The impacts of unobserved covariates on covariate-adaptive randomized experiments
研究了在协变量自适应随机实验中,未观测协变量与处理效应的交互如何导致估计不一致,并提出了调整检验方法以恢复第一类错误控制。
Covariate-adaptive randomization (CAR) is commonly implemented in clinical trials to balance observed covariates. Recent studies have demonstrated the advantages of CAR procedures in balancing covariates and improving the subsequent statistical analysis. Covariate balance is crucial, but it is not a panacea for the valid statistical inferences. If the response to a treatment interacts with some unobserved covariates, the conclusion drawn from a CAR experiment may be affected, and thus, be inconsistent with other evidence.
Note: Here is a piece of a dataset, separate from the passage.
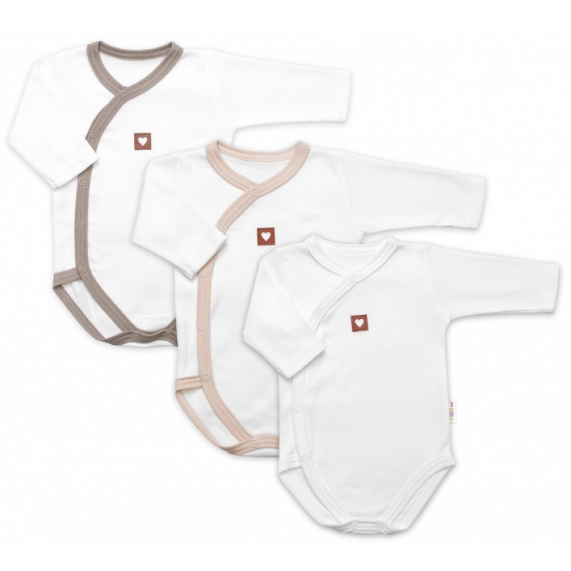 Baby Nellys ČR, Veľ. 56/62, 3D- 3x body, Farba: béžová/taupe/biela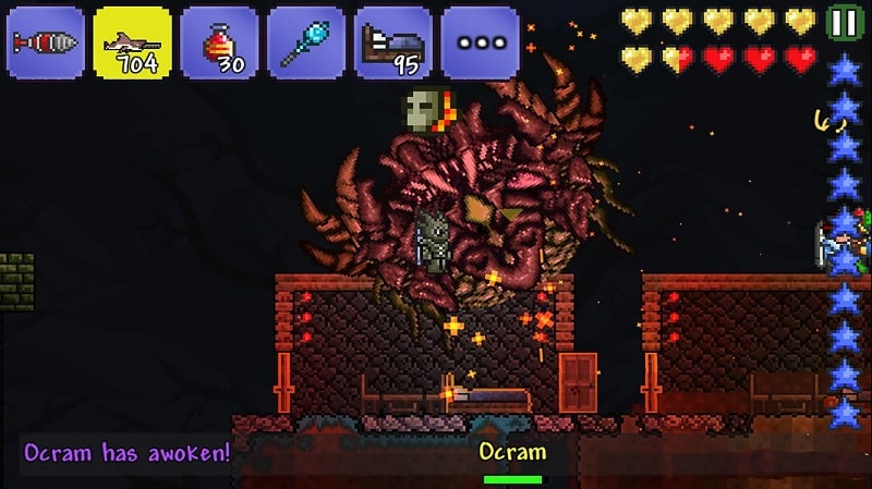 In this adventure, the first thing you’ll need to do is search for resources. It is the raw material for you to craft weapons to fight against enemies that make it difficult for you along the way. Terraria MOD APK has relatively many weapons you can easily craft. However, to remember all the recipes for each weapon is impossible. Once you have the right weapon you can continue your adventure without fear of anyone getting in your way. In addition to the enemies often found in the journey, you must also fight the Boss. That is the real test of skill for you, take every move you have learned and use it.

This paper aims to demonstrate the relationships between unobserved covariates and the analysis of treatment and covariate effects in CAR experiments. We first derive the asymptotic properties of the statistical methods based on a linear model framework with interactions between the treatment and an unobserved covariate. We also provide sufficient conditions for the identifiability of the treatment and covariate effects. Our results theoretically explain how inconsistent estimations are generated in CAR experiments when some important covariates are unobserved. Under these sufficient conditions, we show that the tests for the treatment and covariate effects can have reduced Type I errors under CAR procedures. A residual-based adjusted test is proposed to recover the Type I error when the effect can be correctly estimated. Numerical studies are conducted to evaluate the performance of our proposed procedure and theoretical findings.